=== TO DO ===
With the pictures left out, please write out exactly each line from the one containing "rozdzielczości do 5760x3840." through the end of the material.

=== SUPPLIED INFORMATION ===
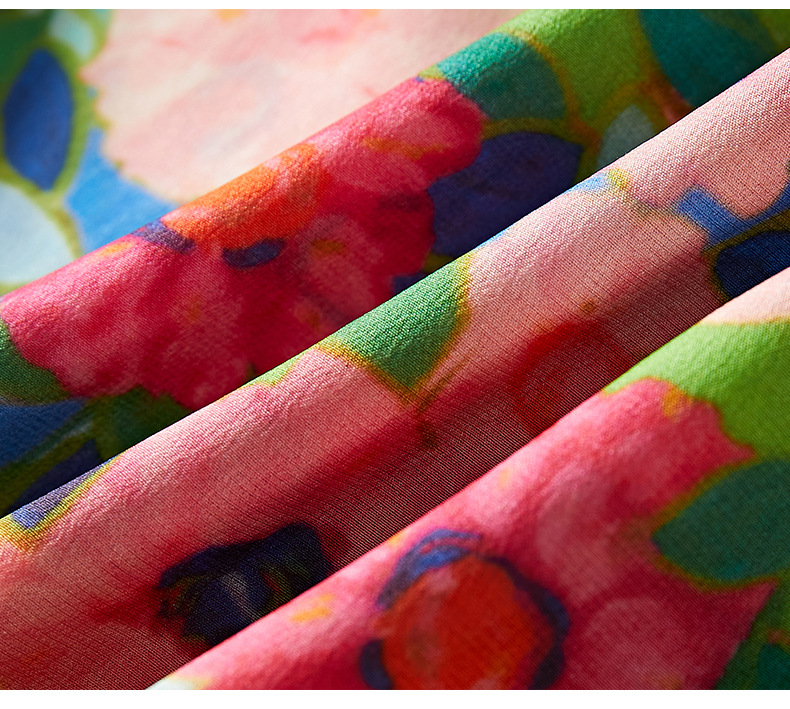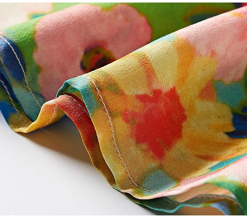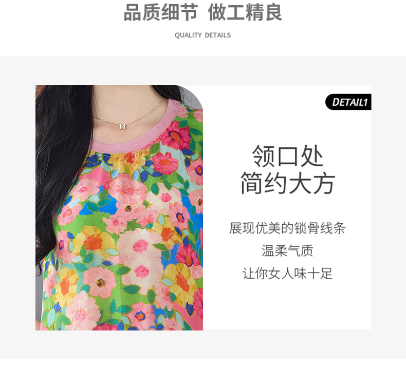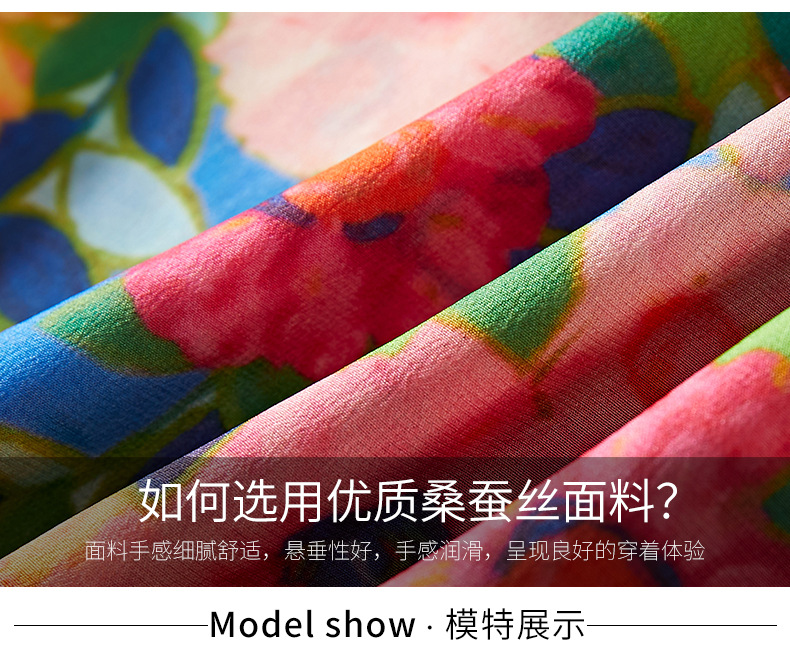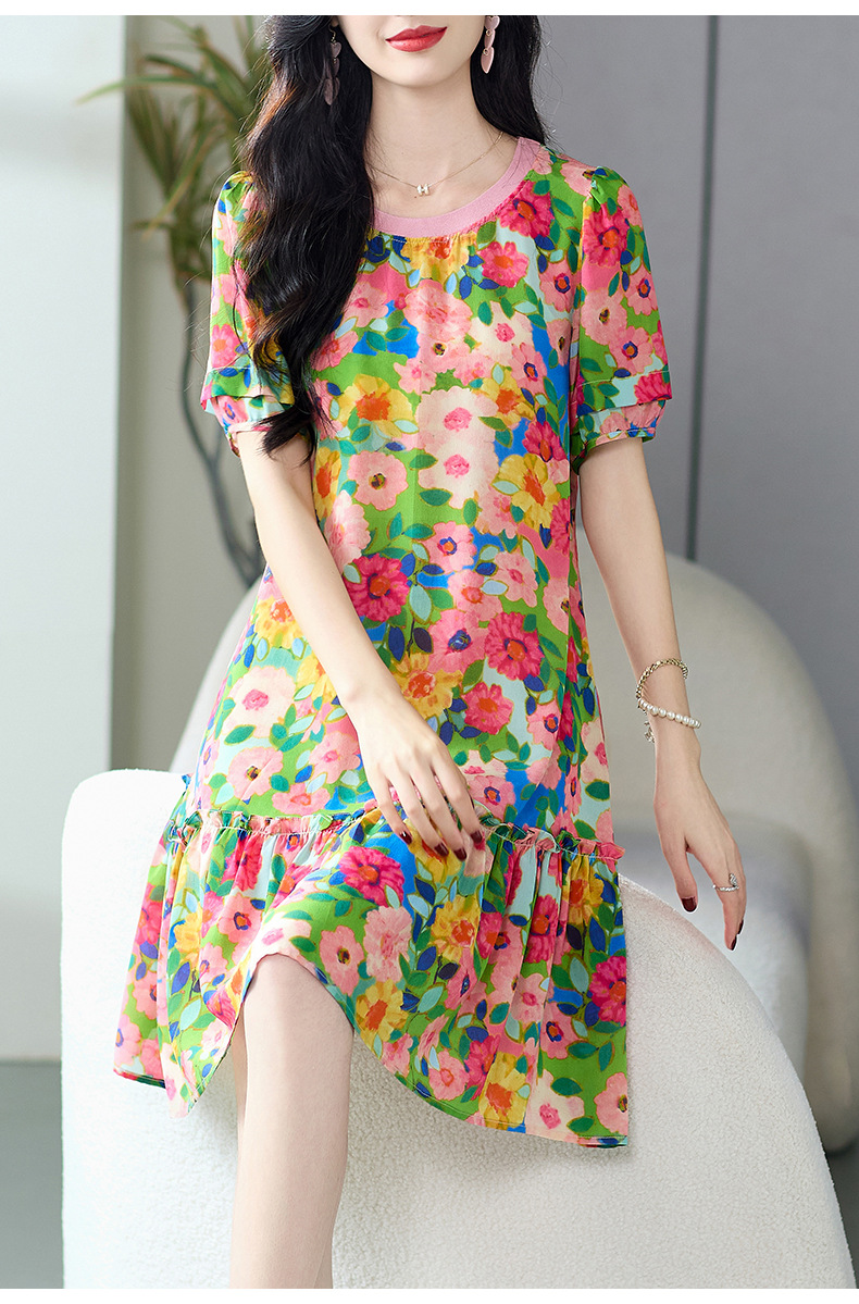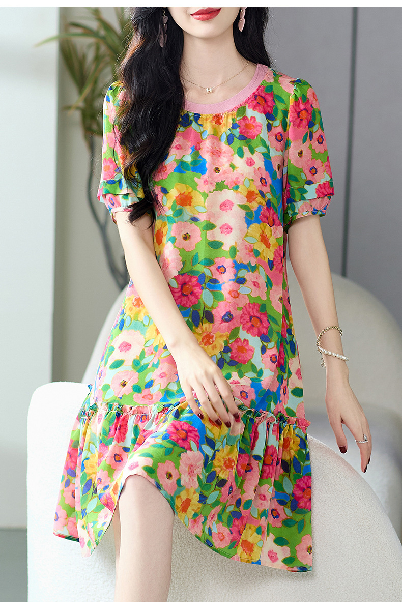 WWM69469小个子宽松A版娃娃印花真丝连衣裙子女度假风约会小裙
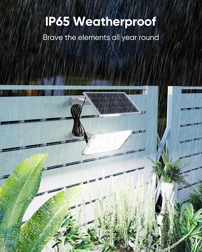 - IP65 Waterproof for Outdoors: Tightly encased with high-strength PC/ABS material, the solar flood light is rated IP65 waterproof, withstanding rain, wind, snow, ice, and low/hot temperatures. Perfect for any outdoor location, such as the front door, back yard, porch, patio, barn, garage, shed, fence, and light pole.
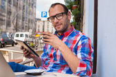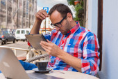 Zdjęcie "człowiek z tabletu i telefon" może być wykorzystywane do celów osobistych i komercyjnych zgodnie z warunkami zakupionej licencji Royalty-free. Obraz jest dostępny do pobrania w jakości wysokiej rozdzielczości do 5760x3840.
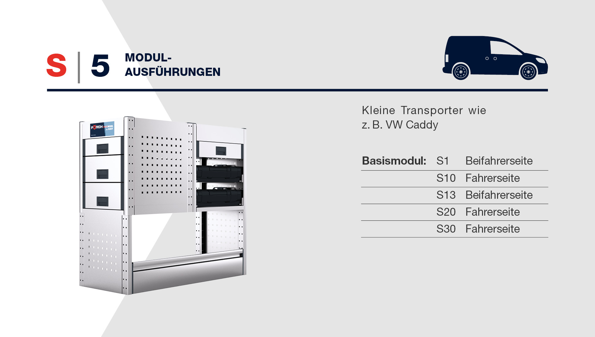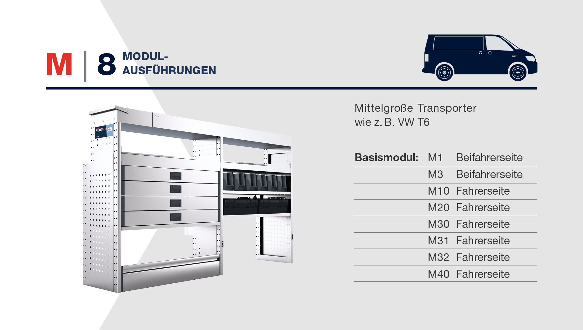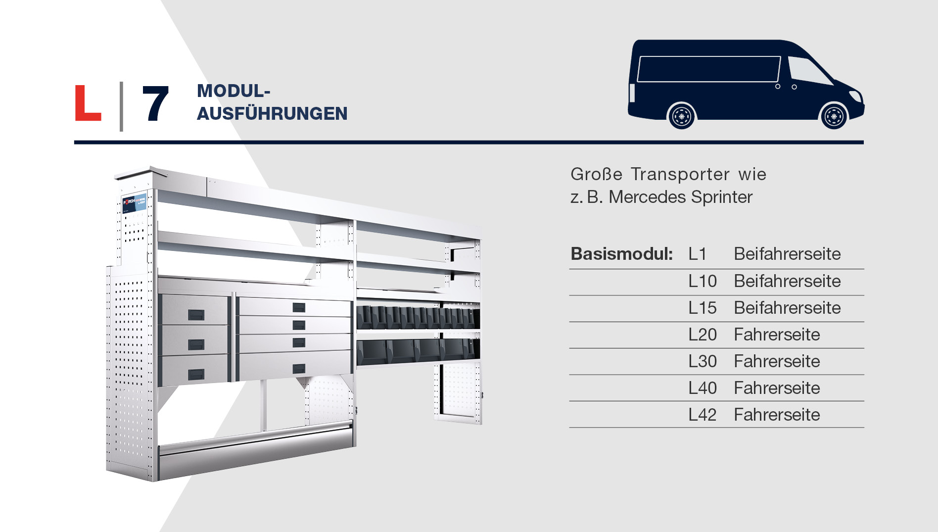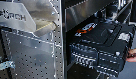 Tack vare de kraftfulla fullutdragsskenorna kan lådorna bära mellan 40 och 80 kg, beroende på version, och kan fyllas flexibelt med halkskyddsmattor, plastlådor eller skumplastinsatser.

=== WRITTEN RESPONSE ===
 Zdjęcie "człowiek z tabletu i telefon" może być wykorzystywane do celów osobistych i komercyjnych zgodnie z warunkami zakupionej licencji Royalty-free. Obraz jest dostępny do pobrania w jakości wysokiej rozdzielczości do 5760x3840.
 Tack vare de kraftfulla fullutdragsskenorna kan lådorna bära mellan 40 och 80 kg, beroende på version, och kan fyllas flexibelt med halkskyddsmattor, plastlådor eller skumplastinsatser.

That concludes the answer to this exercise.